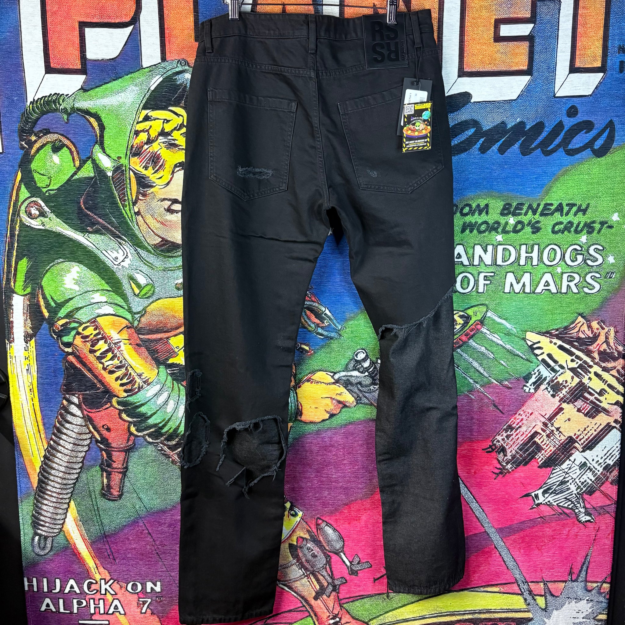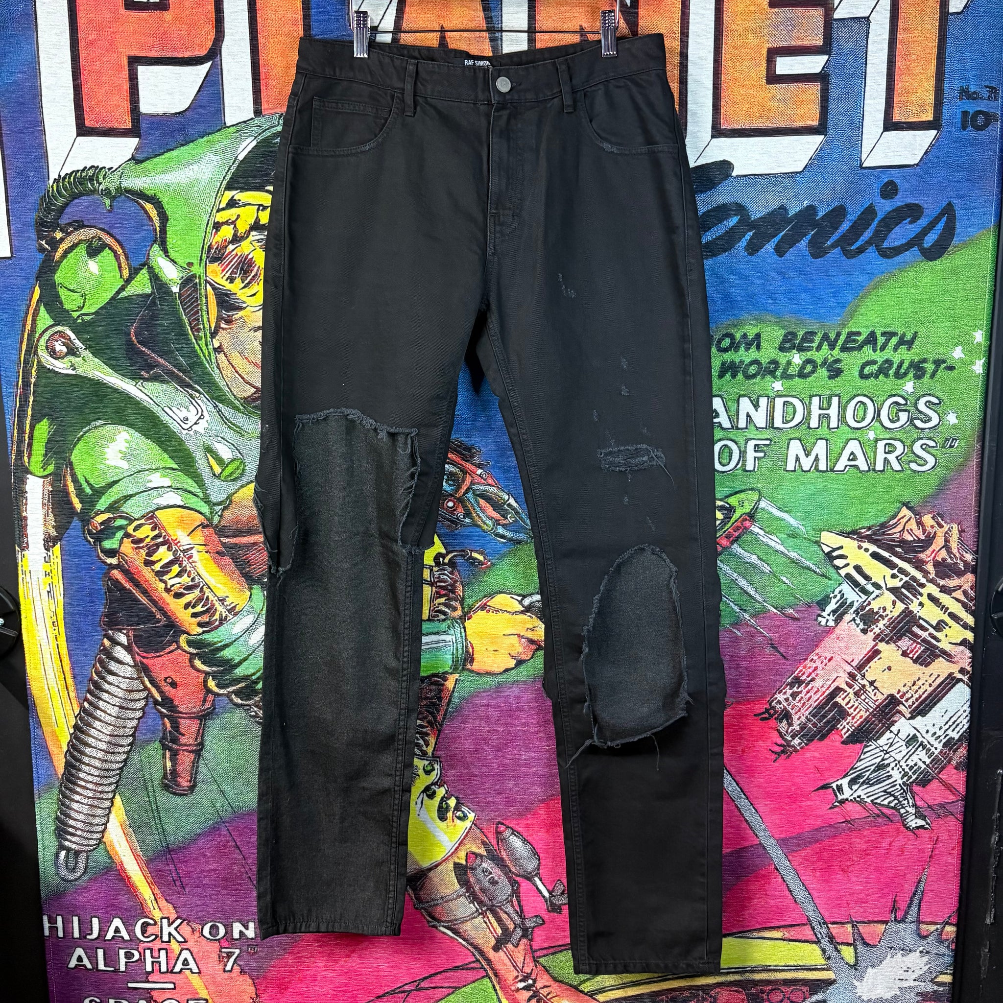 A pair of Raf Simons double-denim jeans built with that signature industrial edge — heavy texture, intentional wear, and a raw, deconstructed feel. The wash sits in that perfect mid-blue zone, with distressed detailing that looks naturally broken-in rather than overdone. Thick stitching and paneled construction give them a sculpted shape while still staying comfortable and wearable.
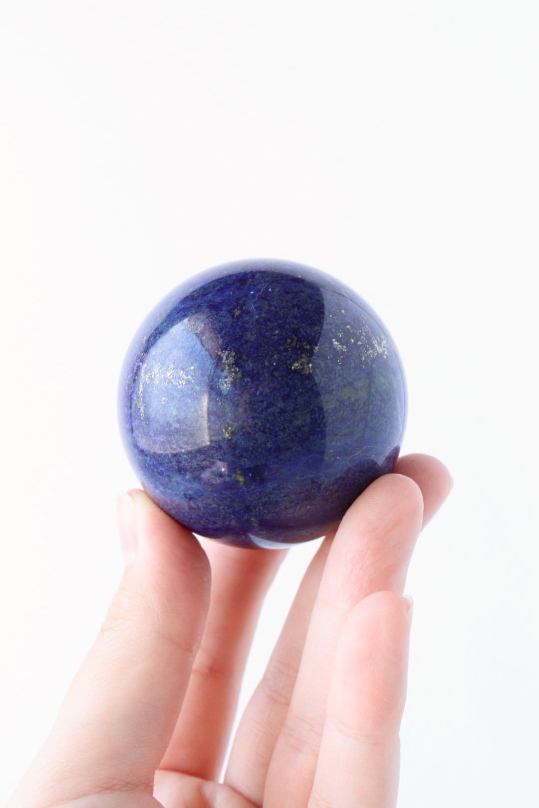 静けさの中に壮大な美しさを秘めた、神秘的なラピスラズリのスフィアです。
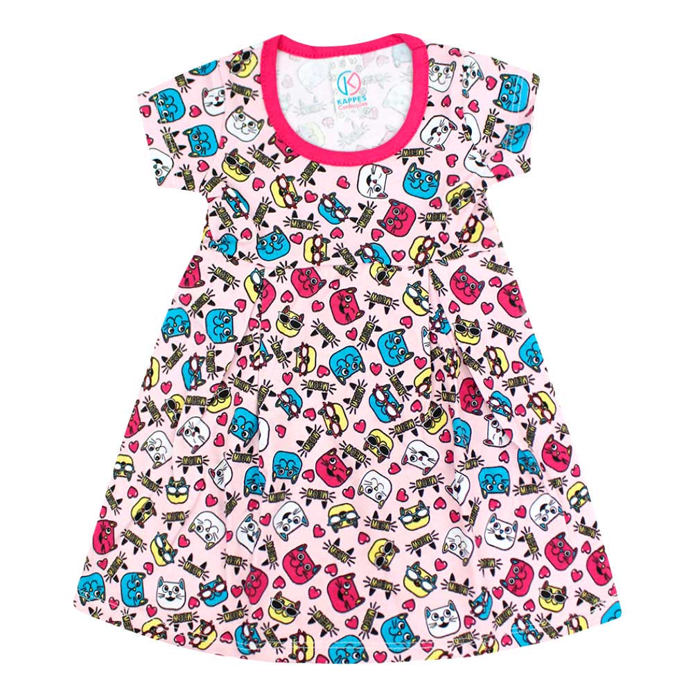 Vestido Bebê Manga Curta Cotton Rosa Gatinhos (1/2/3) - Kappes
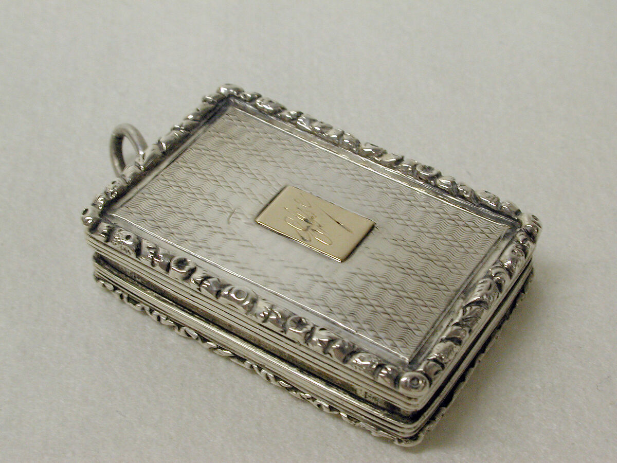 This rectangular vinaigrette has an applied foliate border; the base and lid are decorated with basket-weave engine turning. The name "Else" is engraved on a gold plaque applied to the lid. The ring, attached at one end, allowed the vinaigrette to be worn around the neck or attached to a chatelaine suspended from the waist; the hinged interior grille has pierced foliate decoration.
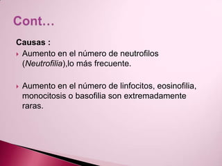 Este documento trata sobre varios términos relacionados con el recuento de leucocitos. Define leucocitosis como un aumento de leucocitos por encima de 10,000, causado comúnmente por infecciones. Explica que la leucopenia indica una depresión de la médula ósea por virus, bacterias o parásitos. También describe cómo el análisis de leucocitos puede guiar el diagnóstico y tratamiento de procesos febriles.
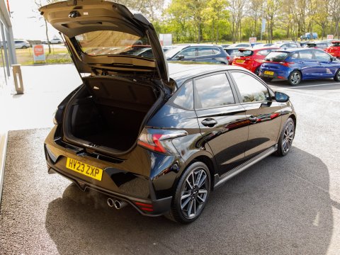 This 2023 Hyundai i20 T GDi N Line presents an exceptional opportunity with its remarkably low mileage of just 13127 miles and a single owner from new. This Euro 6 compliant 1.0 litre petrol hybrid model, finished in the sporty N Line trim, offers a blend of efficiency and engaging driving dynamics. It comes equipped with modern conveniences such as LED headlights with static cornering, a rear view parking camera for easier manoeuvring, and climate control featuring an automatic de fog system for the front windscreen. Sat Nav keeps you on track on those longer journeys, while Apple CarPlay keeps you connected.
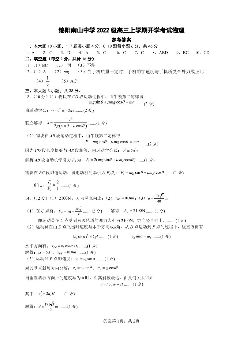 四川省绵阳南山中学高2022级9月月考 物理答案
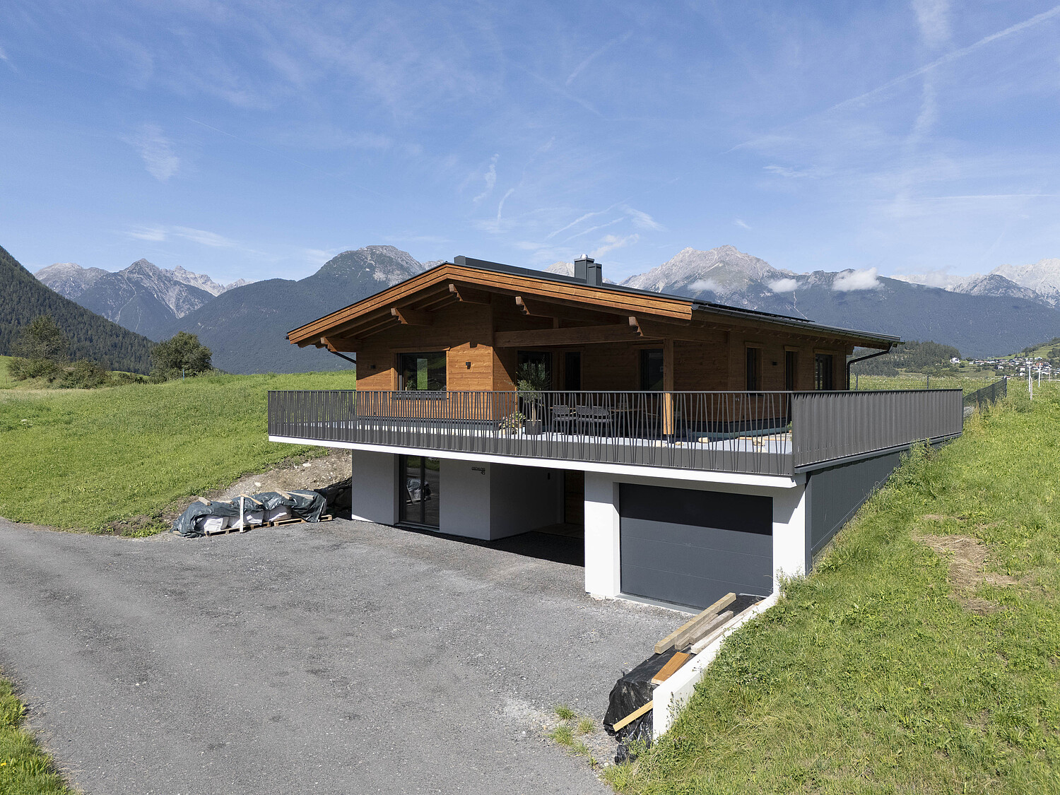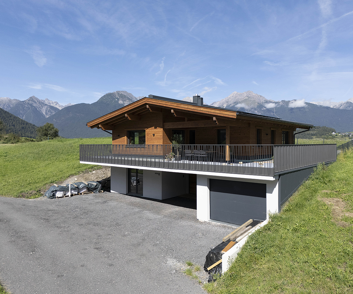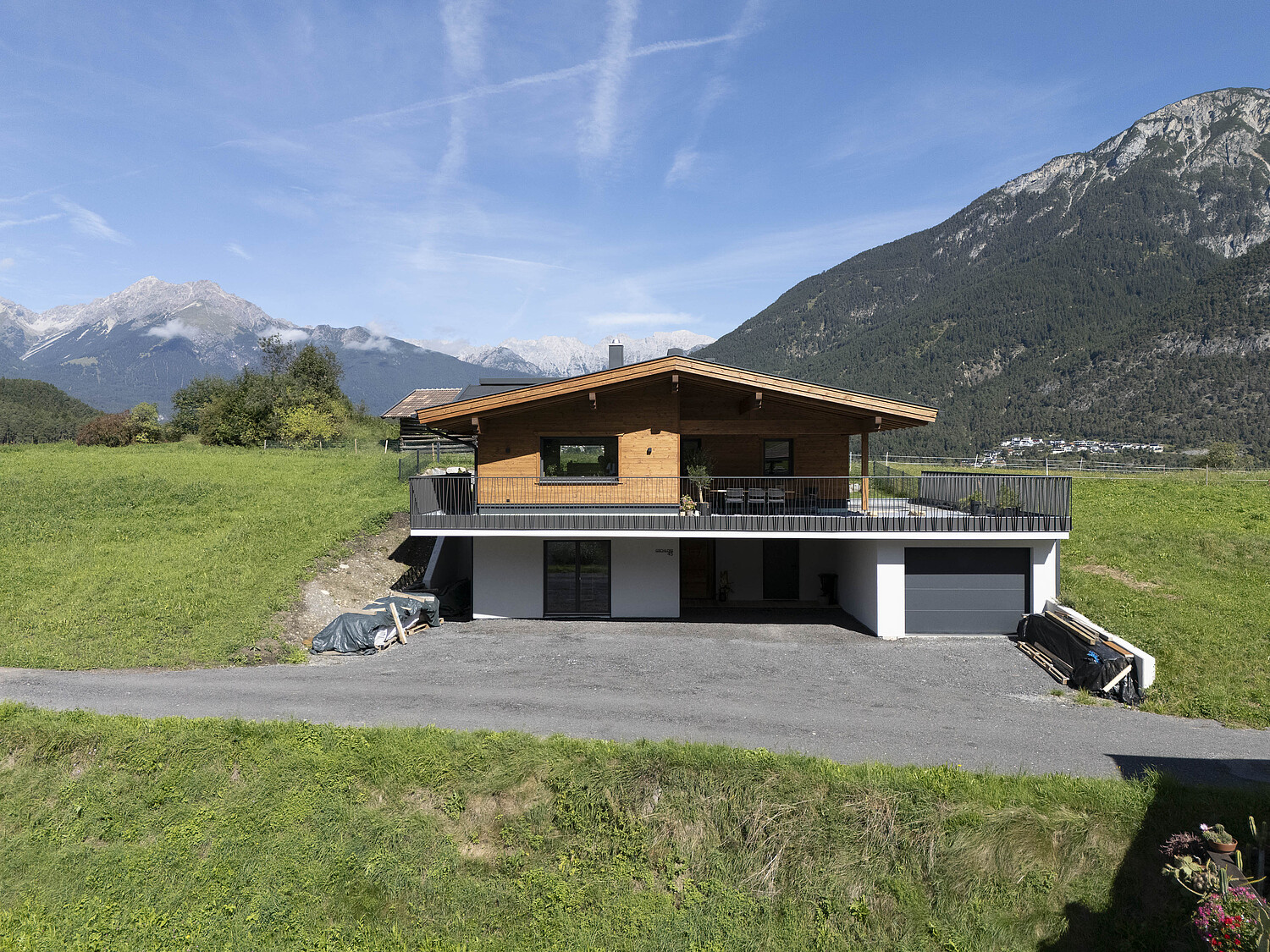 Auch konstruktiv ist das Projekt präzise auf Grundstück und Nutzung abgestimmt. Das Untergeschoss in Stahlbetonbauweise nimmt die leichte Hanglage souverän auf und integriert die Garage funktional in das Gesamtbild. Darüber entfaltet die Riegelbauweise ihre Stärken in Form von Flexibilität, Präzision und einem angenehmen Wohnklima. Mit Photovoltaikanlage am Dach und einer durchdachten, nachhaltigen Bauweise steht dieses Haus für eine moderne Form des Wohnens, die architektonische Klarheit, natürliche Materialien und langfristige Lebensqualität überzeugend zusammenführt.
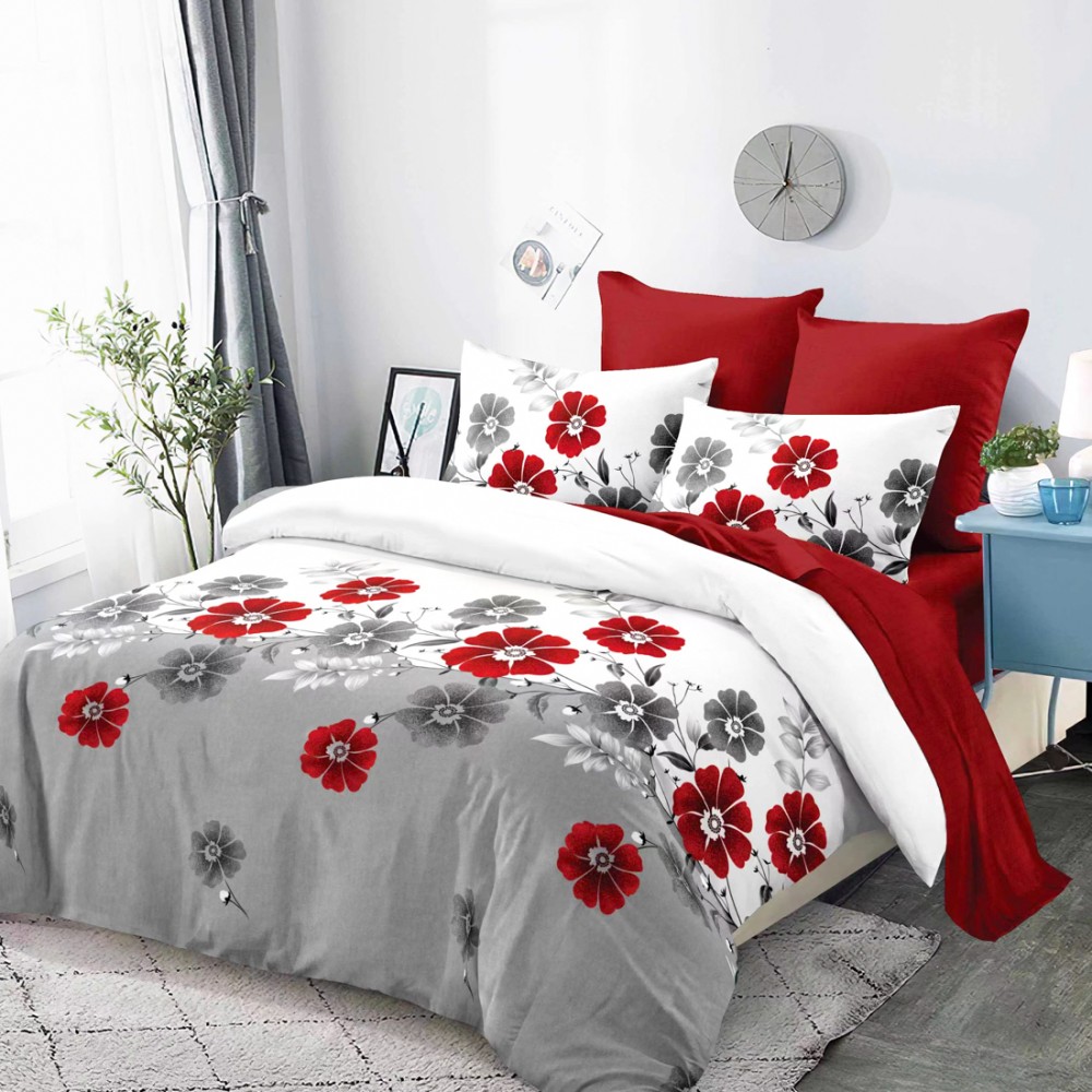 Lenjerie Pat Dublu, FINET, 6 piese, Alb, Gri, Rosu, Flori, Super Design Pucioasa, cod produs: SDP-FNC-756

■ WHAT THE TASK ASKS:
Return the material line for line, from its beginning to the line that contains "Vestido Bebê Manga", with the pictures left out.

■ PROBLEM SOLUTION:
 A pair of Raf Simons double-denim jeans built with that signature industrial edge — heavy texture, intentional wear, and a raw, deconstructed feel. The wash sits in that perfect mid-blue zone, with distressed detailing that looks naturally broken-in rather than overdone. Thick stitching and paneled construction give them a sculpted shape while still staying comfortable and wearable.
 静けさの中に壮大な美しさを秘めた、神秘的なラピスラズリのスフィアです。
 Vestido Bebê Manga Curta Cotton Rosa Gatinhos (1/2/3) - Kappes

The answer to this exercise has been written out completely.